> [Data records]:
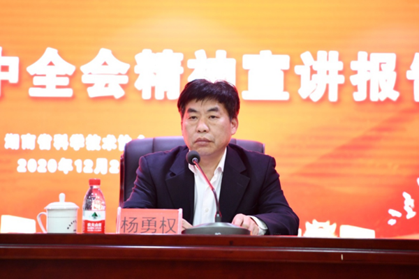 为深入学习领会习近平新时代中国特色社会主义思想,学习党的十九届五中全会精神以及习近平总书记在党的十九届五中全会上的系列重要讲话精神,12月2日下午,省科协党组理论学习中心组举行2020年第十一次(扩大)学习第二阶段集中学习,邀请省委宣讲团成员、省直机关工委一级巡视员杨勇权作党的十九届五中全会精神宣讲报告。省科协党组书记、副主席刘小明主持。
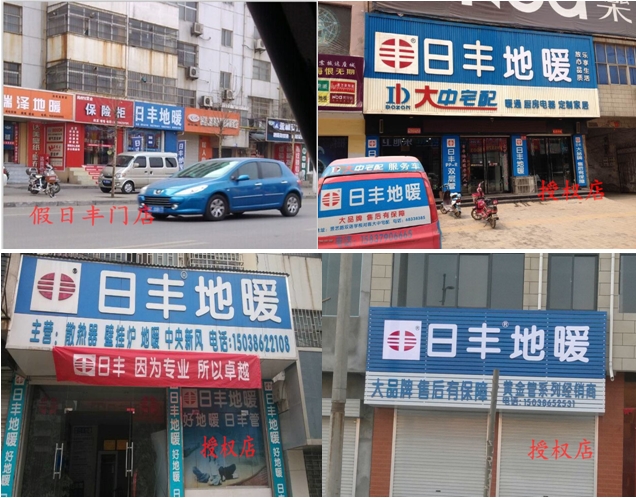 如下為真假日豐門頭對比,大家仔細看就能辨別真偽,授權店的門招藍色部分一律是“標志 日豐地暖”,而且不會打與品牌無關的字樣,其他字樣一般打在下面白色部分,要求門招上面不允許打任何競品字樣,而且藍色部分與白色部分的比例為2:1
* * *
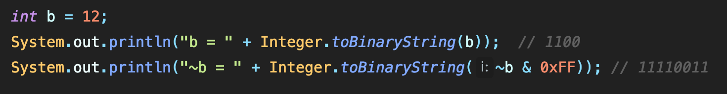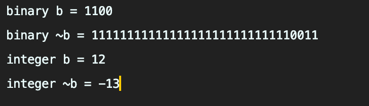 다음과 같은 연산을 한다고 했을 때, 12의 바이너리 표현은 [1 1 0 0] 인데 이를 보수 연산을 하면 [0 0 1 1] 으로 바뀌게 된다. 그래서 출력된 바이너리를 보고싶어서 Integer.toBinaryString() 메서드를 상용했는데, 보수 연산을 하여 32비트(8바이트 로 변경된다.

> [Task brief]:
Starting with the line that has "为深入学习领会习近平新时代中" and going on through the line that has "如下為真假日豐門頭對比,大家", transcribe the records above exactly, but skip the pictures.

> [Final answer]:
 为深入学习领会习近平新时代中国特色社会主义思想,学习党的十九届五中全会精神以及习近平总书记在党的十九届五中全会上的系列重要讲话精神,12月2日下午,省科协党组理论学习中心组举行2020年第十一次(扩大)学习第二阶段集中学习,邀请省委宣讲团成员、省直机关工委一级巡视员杨勇权作党的十九届五中全会精神宣讲报告。省科协党组书记、副主席刘小明主持。
 如下為真假日豐門頭對比,大家仔細看就能辨別真偽,授權店的門招藍色部分一律是“標志 日豐地暖”,而且不會打與品牌無關的字樣,其他字樣一般打在下面白色部分,要求門招上面不允許打任何競品字樣,而且藍色部分與白色部分的比例為2:1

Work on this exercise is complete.